Monday, 29 April 2013


Esplanade Recital Studio
Friday (26 April 2013)

This review was published in The Straits Times on 29 April 2013 with the title "Chopin with sympathy and authority".

Frederic Chopin (1810-1849) is one composer whose piano music is varied and absorbing enough to sustain an entire recital. When performed with both sympathy and authority, it makes a rewarding proposition. Such was the case with Korean pianist Jinho Kim, presently an artist-in-residence at the LaSalle College of the Arts. Kim may be considered a Chopin specialist, having been the only person to have performed both Chopin’s piano concertos at Esplanade in a single concert.

Tickets for his all-Chopin recital were “sold out” and people had to be turned away at the box office. Yet there remained significant gaping lacunae in the seats, a public relations faux pas on the part of event management and no-show patrons, which was only mitigated by the quality of the playing. Kim showed that Chopin’s music was full-blooded, not effete or sickly.

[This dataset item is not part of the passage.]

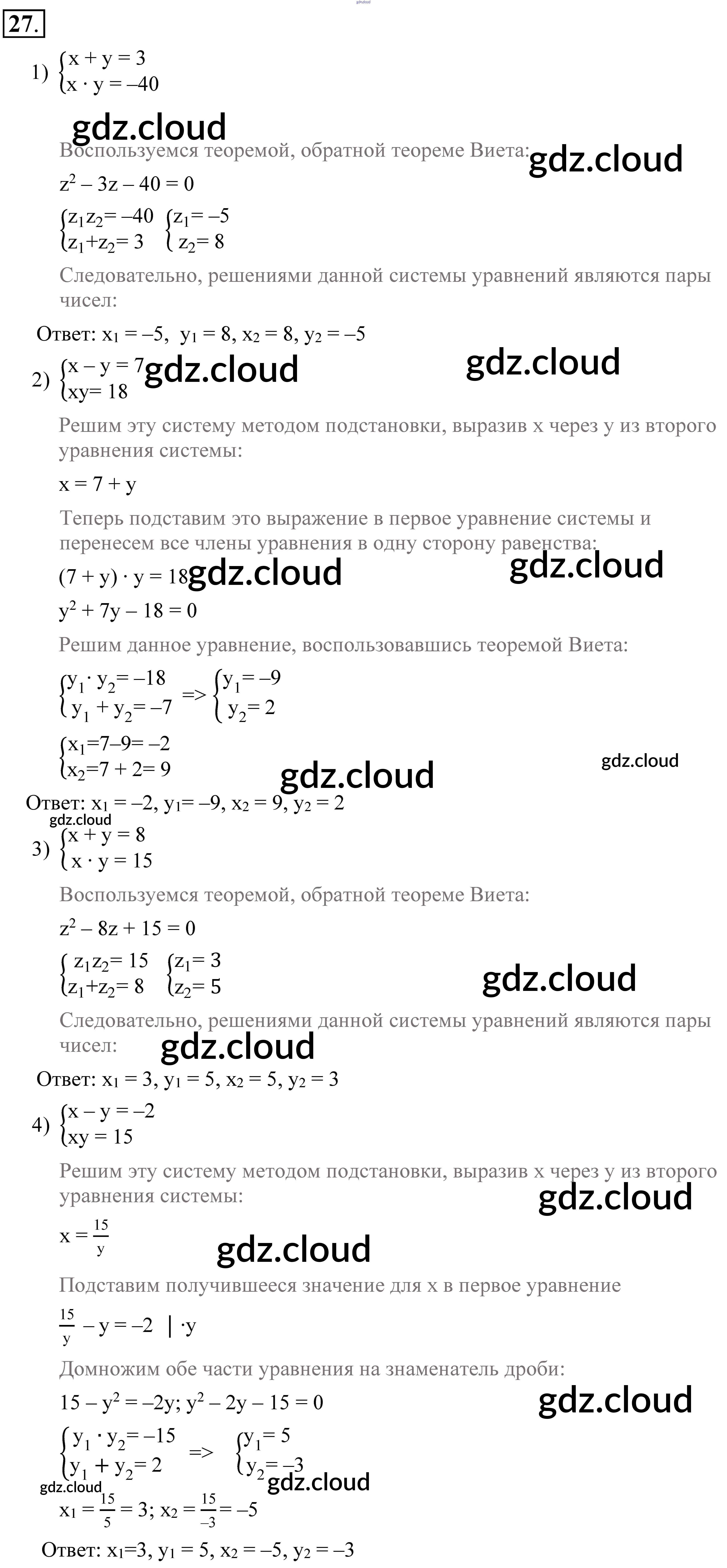 Ответ на задание 27 Учебник Алгебра за 9 (девятый) класс Алимов, Колягин, Сидоров 2014 ФГОС онлайн и без номера телефона.

Both dramatic and declamatory, the opening bars of the Second Sonata in B flat minor (Op.35), marked Grave, demonstrated on the outset he had something urgent to say about the music. The life and death struggles were brought out trenchantly, and the repeat which rightly included those vital bars upped the ante for the movement’s tumultuous development.

There was no relenting in the equally belligerent Scherzo, and even some notes were missed here and there, it was forgivable during the heat of the moment. The eponymous Funeral March was a dignified procession, the central cantabile being a brief oasis of repose. The whirlwind Presto finale, played with a remarkable evenness, was a chilling portrayal of the afterlife – an unforgiving terminal void. Little wonder the genteel Mendelssohn was so sickened by this work.

Chopin by Eugene Delacroix

The shorter works between the big sonatas were very well chosen. The Nocturne in D flat major (Op.27 No.2), beautifully gilded, evinced genuine warmth and nostalgia. The Second Scherzo in B flat minor (Op.31) closed the first half on a coruscating high despite the split note at the end. The three Mazurkas that opened the second half were totally satisfying, the gentle lilt in triple time being a potent reminder of Chopin’s Polish nationalism.

Concluding with the less frenzied Third Sonata in B minor (Op.58), Kim brought out a patrician, more restrained view of a classic. His sense of proportion was unerring in the substantial first movement, omitting the exposition repeat being a good choice on the occasion. The etude-like Scherzo could have sparkled a little more, but it was the expansive slow movement and its painstaking build-up that evoked the greatest pathos.

The rollicking finale that followed rode on waves of seemingly unlimited reserves, each statement of the resolutely striding theme arriving inexorably and with greater finality. After its brilliant end, Kim asked the audience, “Shall I play some Rachmaninov?” His view of the Elegie in E flat minor (Op.3 No.1) had an elegant and brooding melancholy that was hard to resist. The Russian Rachmaninov could be the subject of his next recital. So what about it?